ABOUT THIS TASK: The answer is the full listing restated exactly, without any pictures.

DATA EXTRACT:

= Beginning of Section =

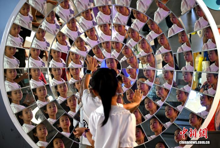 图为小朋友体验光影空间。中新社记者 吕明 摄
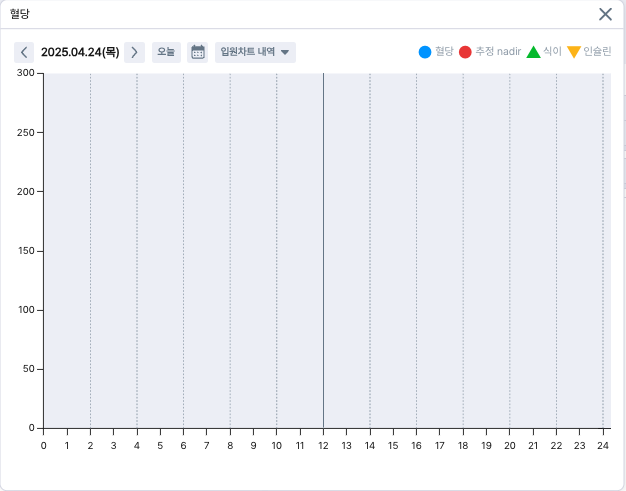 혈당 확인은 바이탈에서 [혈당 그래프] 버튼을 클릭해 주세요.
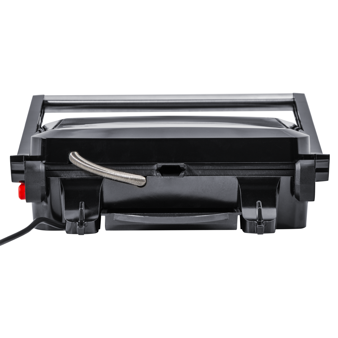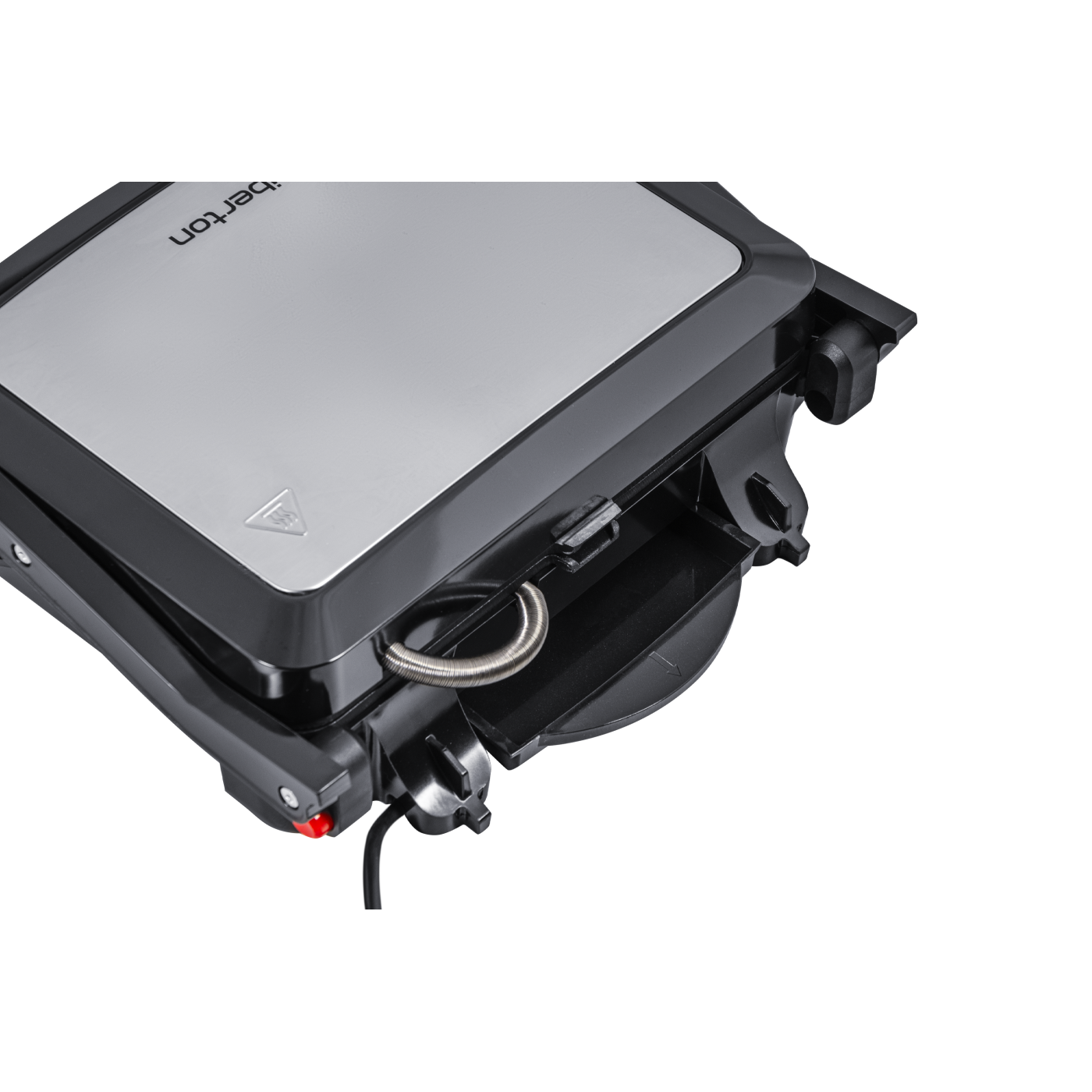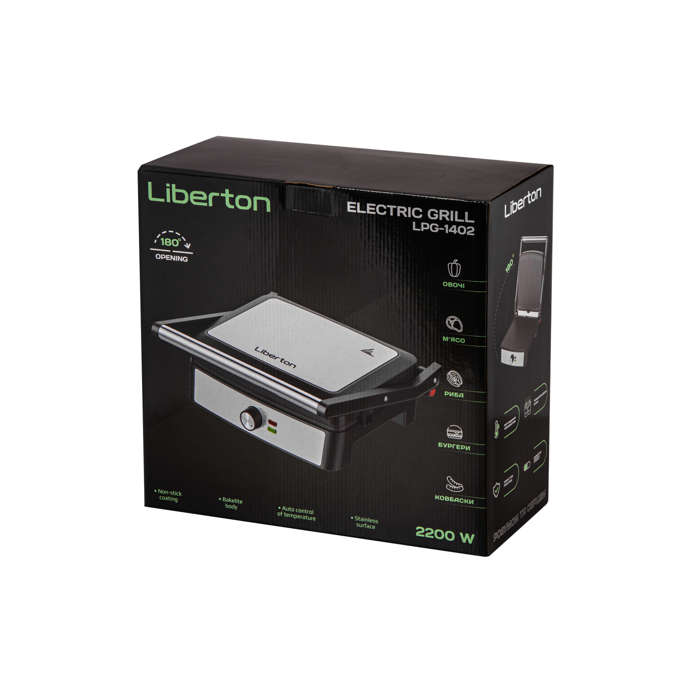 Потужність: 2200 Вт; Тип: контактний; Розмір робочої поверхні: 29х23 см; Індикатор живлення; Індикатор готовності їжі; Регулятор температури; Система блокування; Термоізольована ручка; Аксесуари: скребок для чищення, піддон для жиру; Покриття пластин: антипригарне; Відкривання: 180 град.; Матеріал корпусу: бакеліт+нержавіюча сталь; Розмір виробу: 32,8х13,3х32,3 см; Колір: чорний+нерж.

= End of Section =

PROBLEM SOLUTION:
 图为小朋友体验光影空间。中新社记者 吕明 摄
 혈당 확인은 바이탈에서 [혈당 그래프] 버튼을 클릭해 주세요.
 Потужність: 2200 Вт; Тип: контактний; Розмір робочої поверхні: 29х23 см; Індикатор живлення; Індикатор готовності їжі; Регулятор температури; Система блокування; Термоізольована ручка; Аксесуари: скребок для чищення, піддон для жиру; Покриття пластин: антипригарне; Відкривання: 180 град.; Матеріал корпусу: бакеліт+нержавіюча сталь; Розмір виробу: 32,8х13,3х32,3 см; Колір: чорний+нерж.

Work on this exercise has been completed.